Japan’s Nikkei 225 Stock Average fell 0.8 percent, while Hong Kong’s Hang Seng Index lost 0.3 percent. Taiwan’s Taiex Index climbed 1.8 percent, the region’s biggest gain.
Futures on the Standard & Poor’s 500 Index added 0.5 percent. The gauge fell 0.2 percent, led by telecommunications companies after a brokerage cut their profit estimates.
The MSCI Asia Pacific Index climbed as much as 49 percent from a more than five-year low on March 9 on optimism government stimulus measures will revive global growth. Group of Eight leaders said yesterday the economic recovery from the steepest recession since World War II was too fragile for them to consider reversing efforts to pump money into the economy.
Japanese exporters declined as the yen rose to as high as 91.80 against the dollar, a level not seen since February, amid concern U.S. earnings will show weakness. The currency most recently changed hands at 92.98 per dollar, compared with 94.24 at the close of equity trading yesterday.
Honda dropped 2.3 percent to 2,335 yen. Toyota Motor Corp., the world’s largest automaker, fell 1.7 percent to 3,410 yen. Nissan Motor Co. Ltd., Japan’s No. 3 automaker, slid 1.6 percent to 539 yen.
“The market is becoming cautious with regards to the outlook for earnings and the economy,” said Fujio Ando, a fund manager at Tokyo-based Chibagin Asset Management Co “If this level of the yen continues, we could see some exporters be forced to cut their profit outlooks.”

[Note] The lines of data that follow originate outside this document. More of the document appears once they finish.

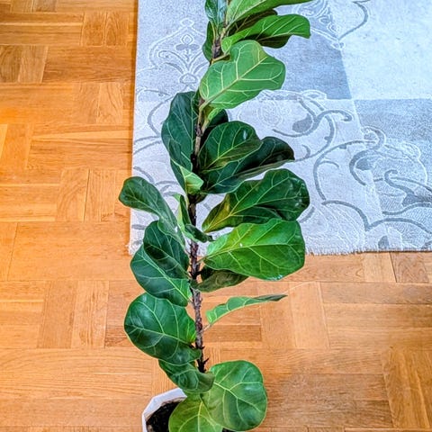 Stor frisk fiolinfiken selges uten pyntepotte. 110cm høy. Den behøver ompotting fordi røttene har vokst ut gjennom bunn i potten.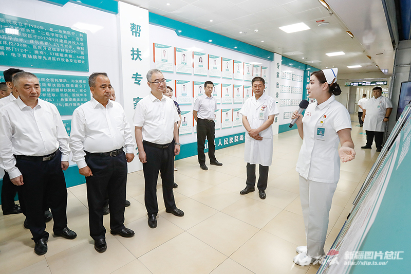 8月20日至22日,安徽省委副书记、省长王清宪率安徽省代表团来新疆考察对接对口支援工作。这是8月21日,安徽省委副书记、省长王清宪,自治区党委副书记、自治区主席艾尔肯·吐尼亚孜,在皮山县人民医院调研医院建设情况,了解援疆医疗人员工作开展情况。石榴云/新疆日报记者 谢龙摄
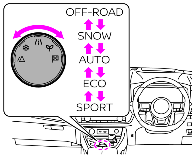 パワースイッチがONのとき、ドライブモードセレクターを操作すると、選択可能なドライブモードがアドバンスドドライブアシストディスプレイに表示されます。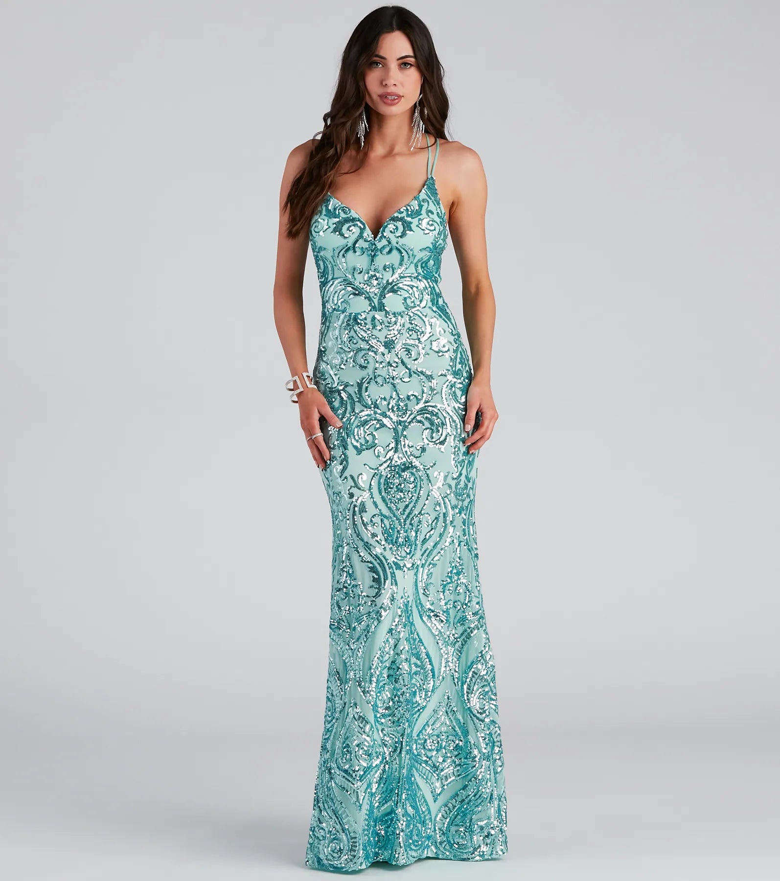 Enchant at the prom in the Aliyah formal sequin dress perfect for making a dazzling grand entrance. She features a sleeveless. v-neck. sleek adjustable straps. and a built-in padded bust. Her form-fitting bodice leads to an alluring open-back with strappy detail and zipper closure. Her floor-length mermaid silhouette is designed to flatter every figure. The formal dress is composed of a sequin embroidered fabric with an inner lining and no stretch. Complete the look with a chic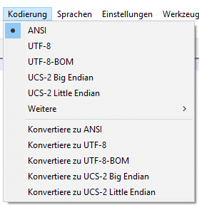 [attachment=1]Notepad-6.2.png[/attachment]In Version 7.6.4 (und auch früher) heißt der Punkt jetzt UTF-8-BOM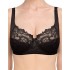 На каркасах. Чашка конструкции Ancona от ТМ Mioocchi сшивная, с двойным диагональным членением, с боковой корректирующей деталью в районе проймы, плавно переходящей в бретели. Нижняя деталь чашки выполнена из эластичного кружевного полотна на подкладке из трикотажного хлопка. Верхняя деталь чашки кружевная. Пояс и боковой подкрой выполнены из плотного гладкого эластичного полотна с микрофиброй. По нижнему краю стана усиленная резинка. Бретели широкие спереди, регулируемые по длине сзади.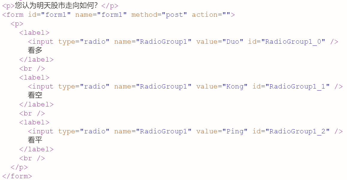 (2)每个单选框的name属性都要设置为同一个值,它们才能被认为是一组单选框,同一组单选框中只能选中其中一个,被选中的单选框对象的value值将作为整个单选框组的值提交,所以每个单选框控件都必须设置。后台程序通过 document.getElementByName("RadioGroup1").value; 获取该组单选框的值。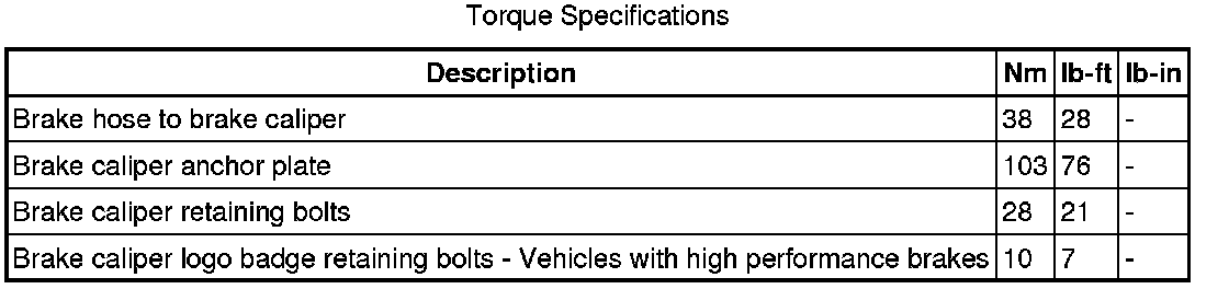 Rear Disc Brake Specifications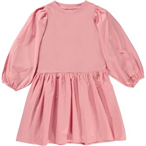 Pink, knee length dress with poplin sleeves and skirt. This dress is in 100% cotton, has a round neck with a rib edge, long full sleeves with elastic and a gathered skirt with plenty of movement. It is in a regular fit.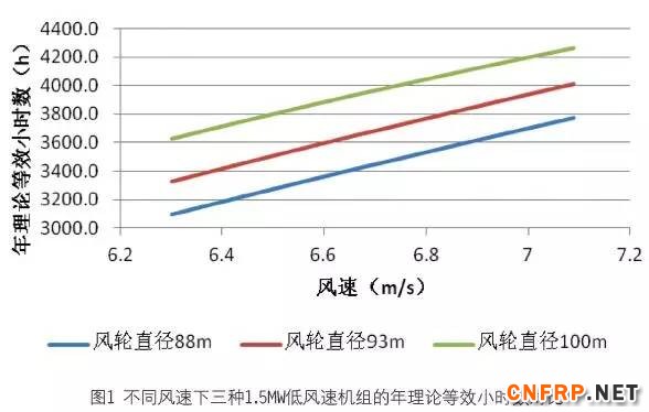 据统计,范围内年平均风速在 5m/s至 7m/s的低风速资源面积,占风能资源区的 68%,且接近用电负荷中心,并网条件较好。随着高风速优质风能资源开发趋于饱和受到“弃风”的影响,低风速风能资源的开发越来越受到关注。为使低风速风电场具备开发价值,低风速机组必须采用更长的叶片,以吸收更多风能。目前,国内已有多种低风速机型投入使用, 1.5MW低风速机组的大风轮直径已达 100m,2MW低风速机组的大风轮直径已达 121m。随着叶片长度和扫风面积的增加,切入风速和额定风速都明显下降。如风轮直径 100m的 1.5MW机组,其切入风速为 2.8m/s,额定风速为 9m/s。年平均风速为 5.5m/s时,年等效小时数大于 2000h,大大提高了风能资源的利用率。图 1为不同风速下三种 1.5MW低风速机组的年等效小时数对比(假设年平均风速为 Weibull分布,形状参数 k=2.0)。当年平均风速为 6.5m/s时,风轮直径 100m的 1.5MW机组比风轮直径 88m的 1.5MW机组年发电量提高约 16.1%。

Sony lost 0.9 percent to 2,295 yen as Chief Executive Officer Howard Stringer rejected calls to cut prices of the PlayStation 3.
Alumina gained 1.8 percent to A$1.385. Alcoa, which kicked off second-quarter earnings announcements in the U.S. yesterday, jumped 4 percent in late trading after reporting a narrower loss than analysts had expected. as production cuts and workforce reductions helped the company save money.
Analysts estimate profits fell an average 34 percent at S&P 500 companies in the second quarter and will decrease 21 percent from July through September after plunging about 60 percent in the year’s first three months, according to data compiled by Bloomberg.
In Taipei, AU Optronics climbed 4.7 percent to NT$35.90, while Chi Mei Optoelectronics Corp., Taiwan’s second-biggest liquid-crystal display maker, rose 3.3 percent to NT$18.75. The companies said they expect third-quarter sales to rise from the previous three-month period on a global glass shortage.
“We had a significant sales climb each month in the second quarter, and in the third quarter sales will stay high,” Ho Jau- yang, vice chairman of Chi Mei, told reporters at an industry forum in Taipei yesterday. The market is recovering after hitting the bottom in the first quarter, Chen Lai-juh, AU’s chief executive officer, said at the event.